Parasitism in aquatic ecosystems

Many of us wonder why our ancestors drained so many beautiful meadows. We will stop wondering when we remember the invasive diseases associated with wetlands and flooded areas. Water is a reservoir of parasites dangerous to humans, from lamblia to blood flukes to vandellates. Among aquatic and marsh organisms, we will meet intermediate hosts and vectors of a host of parasites dangerous to humans, from malarial spores to tapeworms. Parasitism in aquatic ecosystems is a vast but fascinating topic.

To choose from, to color!

Examples from aquatic ecosystems can illustrate almost all types of parasitism. Hyperparasitoids (parasites of other parasites) are not only mistletoes growing on twigs, but also microsporidia from flukes in fish. Micro-predation as an intermediate link between parasitism and predation? To choose from, to color: leeches, spittlebugs, larvae of Gnathidae , female mosquitoes and cucurbits, lampreys. Parasitoids for breeding (dropping off their own offspring for others to feed on) are not only cuckoos and buzzards, but also parasitic ducks Heteronetta atricapilla, and most importantly, some fish, such as benthic fish to cichlids.

The model kleptoparasites (resource thieves) remain the otter Skua spp. Sexual parasitism (when males are much smaller than females and develop on them) is even a specialty of marine organisms, especially the invertebrate green bonela Boneliia viridis and deep-sea fish of the order Lophiiformes. Hybridogenesis(stealing the gametesof a second, related species) as a special case of sexual parasitism is the domain of the beaked fish Poeciliopsis and the green frog Pelophylax spp. Adelphoparasitism (when the host and the parasite are sister species)? There you go! Examples of this life strategy can be found among crayfish. The uncanny nature of these systems prompted early naturalists to look for the ancestors of fungi, including insectivores, among the adelphoparasitic red algae.

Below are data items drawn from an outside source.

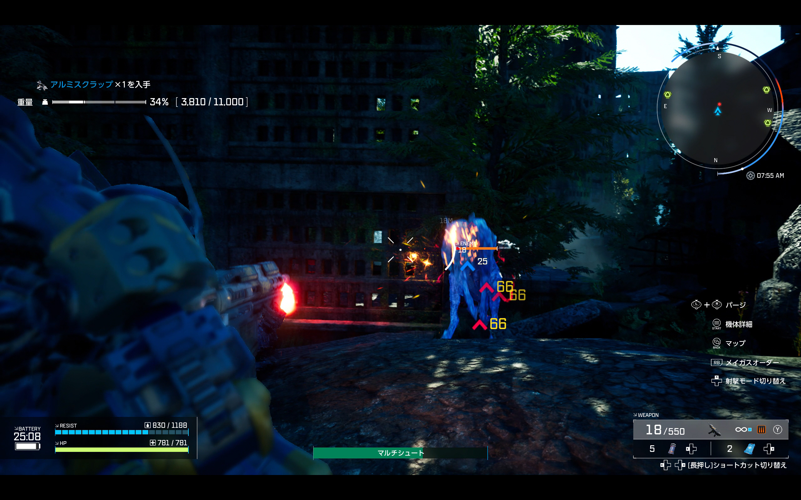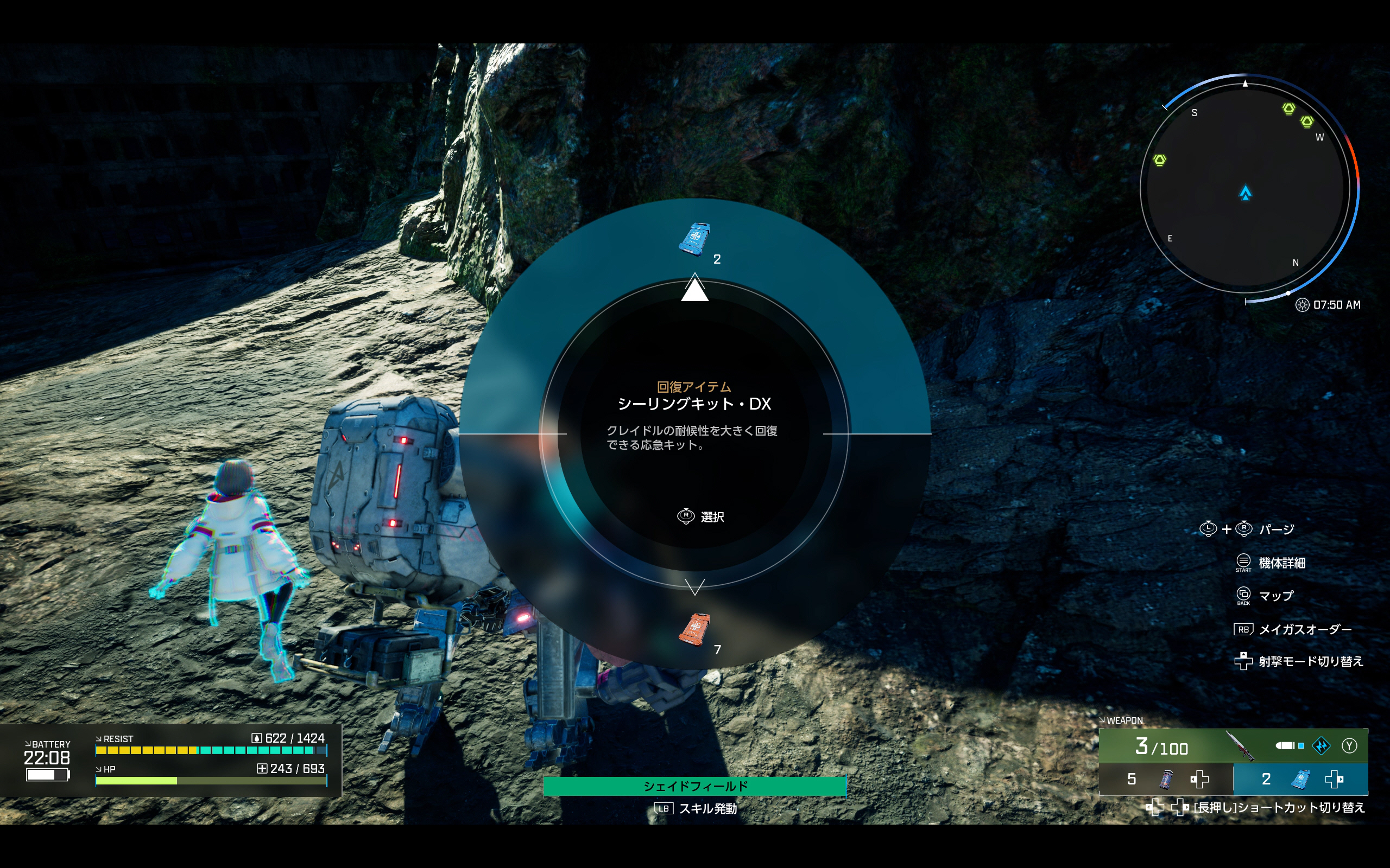 화면 좌측 하단에는 활동 가능 시간을 의미하는 배터리, 내후성에 해당하는 레지스트, 내구치에 해당하는 HP의 세 가지 게이지가 표시되고, 내후성과 내구치의 경우 회복시켜주는 아이템이 존재하지만, 아이템 적용에 일정 시간이 필요해 전투 중 사용은 쉽지 않다.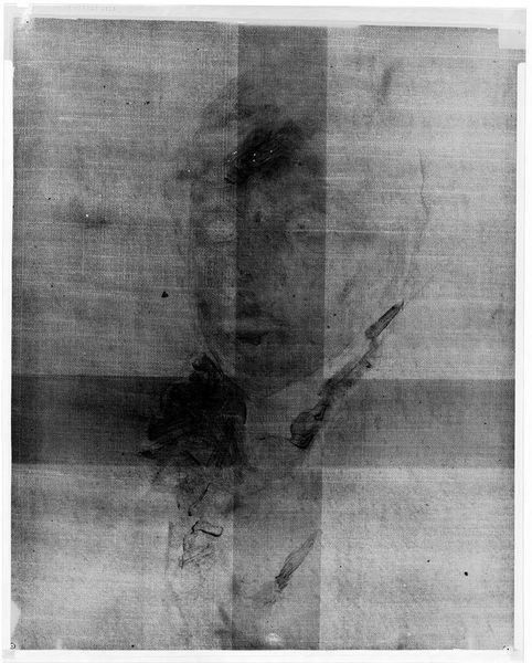 Editor: This is an X-radiograph of "Portrait of a Man 'Ariosto'" by Sebastiano del Piombo, from the Harvard Art Museums. It looks like a ghostly image. What do you see in this piece, looking beyond its surface? Curator: This radiograph unveils the hidden layers of the painting, revealing not just the artist's hand but also the socio-political context influencing artistic creation. Can you see how the changes hint at the artist's response to patronage or censorship? Editor: I see it now, the underpainting suggests a different composition. It’s like a peek behind the curtain of artistic and societal pressures. Curator: Exactly! And remember, the museum's role in preserving and presenting this image also shapes our understanding of art history. Editor: This makes me think differently about the power dynamics embedded in art. Thanks for helping me uncover the context. Curator: My pleasure! Recognizing these influences deepens our appreciation of art's complexities.
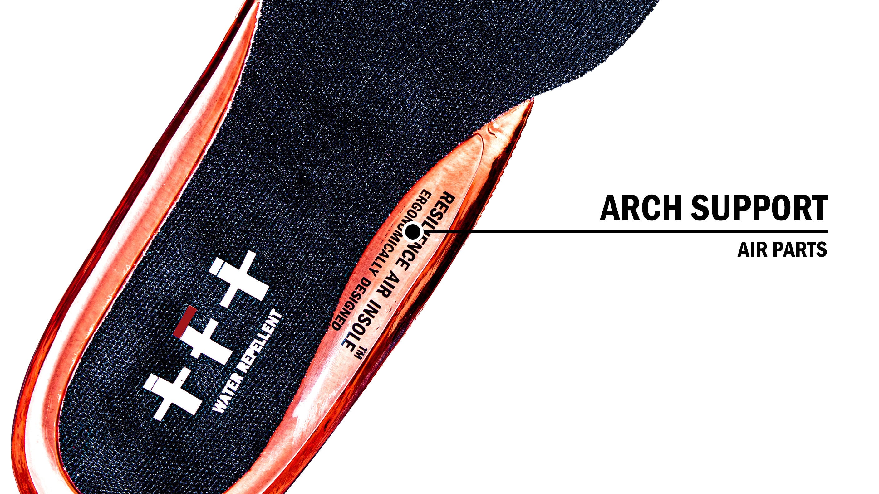 歩行時にエアーパーツが衝撃を吸収し、アーチを支え、かかとから土踏まずにかけてしっかりホールド。膝や腰への負担を軽減する設計になっています。また、素材にポリウレタンフォームを使うことで優れたクッション性も兼備させました。

In the seas and freshwaters we will not find only examples of social parasitism, as there are no potential hosts, i.e. eusocial insects, although there are eusocial Synalpheus shrimps. It is noteworthy that, among the insects, a similar lifestyle inside sponges is led by perchids, aquatic networms, native to and for Poland [1, 2, 3, 9, 12].

Each rake to itself?

A typical biologist is certain that every living being pursues its own personal interest. A parasitologist would counter that each biological system primarily pursues the interests of its parasites. The ecology and evolution of parasites are topics that are little known even to many naturalists. As phenomena of great importance to human, animal and human health, they remain the domain of physicians, veterinarians and phytopathologists. It is widely accepted that parasites are ubiquitous agents of natural selection, and much of artificial selection (the creation of new varieties) is the search for resistance to their invasions.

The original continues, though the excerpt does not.